# Assignment:
What needs reproducing is the run of lines in the data below starting at the line with "Additionally, this is" and ending at the line with "L'ampli Advance Paris My Connect 60 peut", both ends included. Copy it exactly, without pictures, and add nothing.

# Supplied data:
+---+

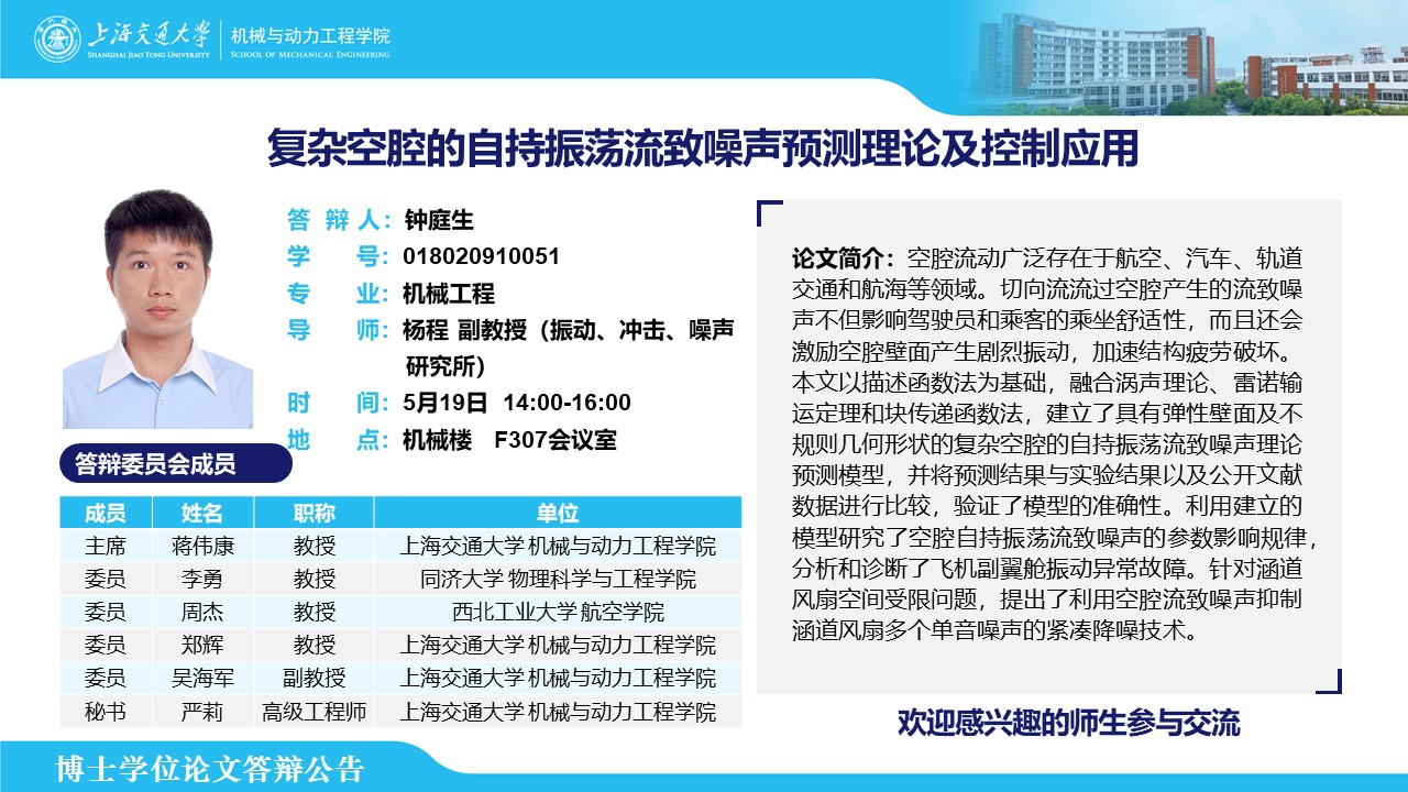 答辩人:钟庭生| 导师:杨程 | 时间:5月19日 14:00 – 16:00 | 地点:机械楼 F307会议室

+---+

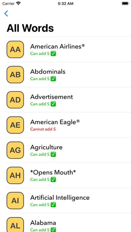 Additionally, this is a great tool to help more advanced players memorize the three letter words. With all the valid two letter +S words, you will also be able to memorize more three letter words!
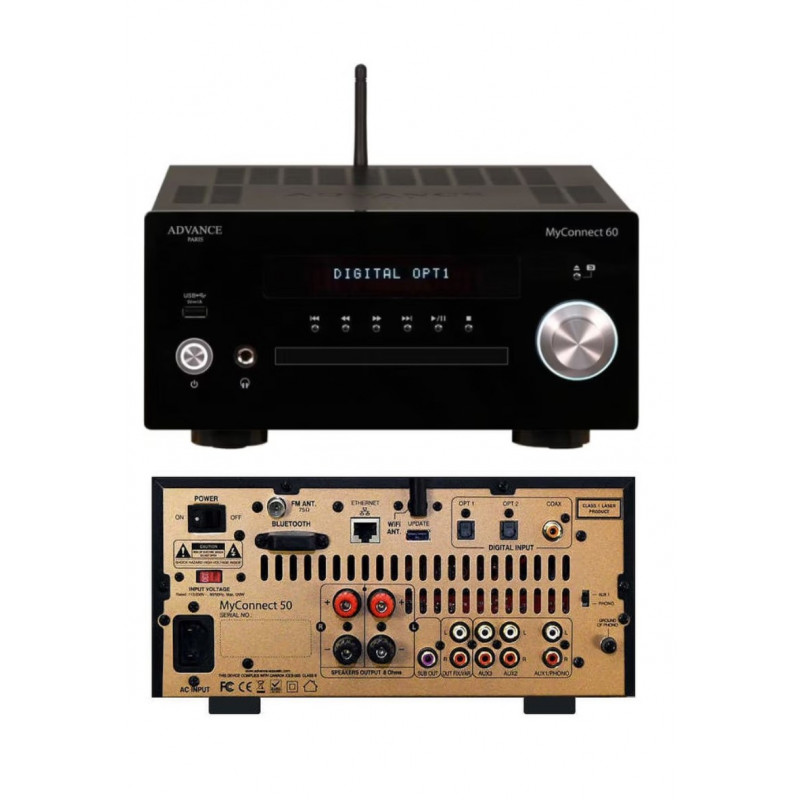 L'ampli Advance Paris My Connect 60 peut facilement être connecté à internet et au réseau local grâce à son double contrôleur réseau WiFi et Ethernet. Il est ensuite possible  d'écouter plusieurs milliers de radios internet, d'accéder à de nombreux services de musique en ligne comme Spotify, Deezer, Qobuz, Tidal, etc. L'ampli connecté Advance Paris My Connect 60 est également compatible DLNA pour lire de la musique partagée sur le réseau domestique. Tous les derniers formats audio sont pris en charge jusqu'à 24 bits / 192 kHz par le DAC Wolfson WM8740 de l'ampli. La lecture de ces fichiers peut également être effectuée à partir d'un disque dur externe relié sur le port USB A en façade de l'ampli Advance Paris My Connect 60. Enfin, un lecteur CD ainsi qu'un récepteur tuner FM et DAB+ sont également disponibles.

+---+

# Exercise response:
 Additionally, this is a great tool to help more advanced players memorize the three letter words. With all the valid two letter +S words, you will also be able to memorize more three letter words!
 L'ampli Advance Paris My Connect 60 peut facilement être connecté à internet et au réseau local grâce à son double contrôleur réseau WiFi et Ethernet. Il est ensuite possible  d'écouter plusieurs milliers de radios internet, d'accéder à de nombreux services de musique en ligne comme Spotify, Deezer, Qobuz, Tidal, etc. L'ampli connecté Advance Paris My Connect 60 est également compatible DLNA pour lire de la musique partagée sur le réseau domestique. Tous les derniers formats audio sont pris en charge jusqu'à 24 bits / 192 kHz par le DAC Wolfson WM8740 de l'ampli. La lecture de ces fichiers peut également être effectuée à partir d'un disque dur externe relié sur le port USB A en façade de l'ampli Advance Paris My Connect 60. Enfin, un lecteur CD ainsi qu'un récepteur tuner FM et DAB+ sont également disponibles.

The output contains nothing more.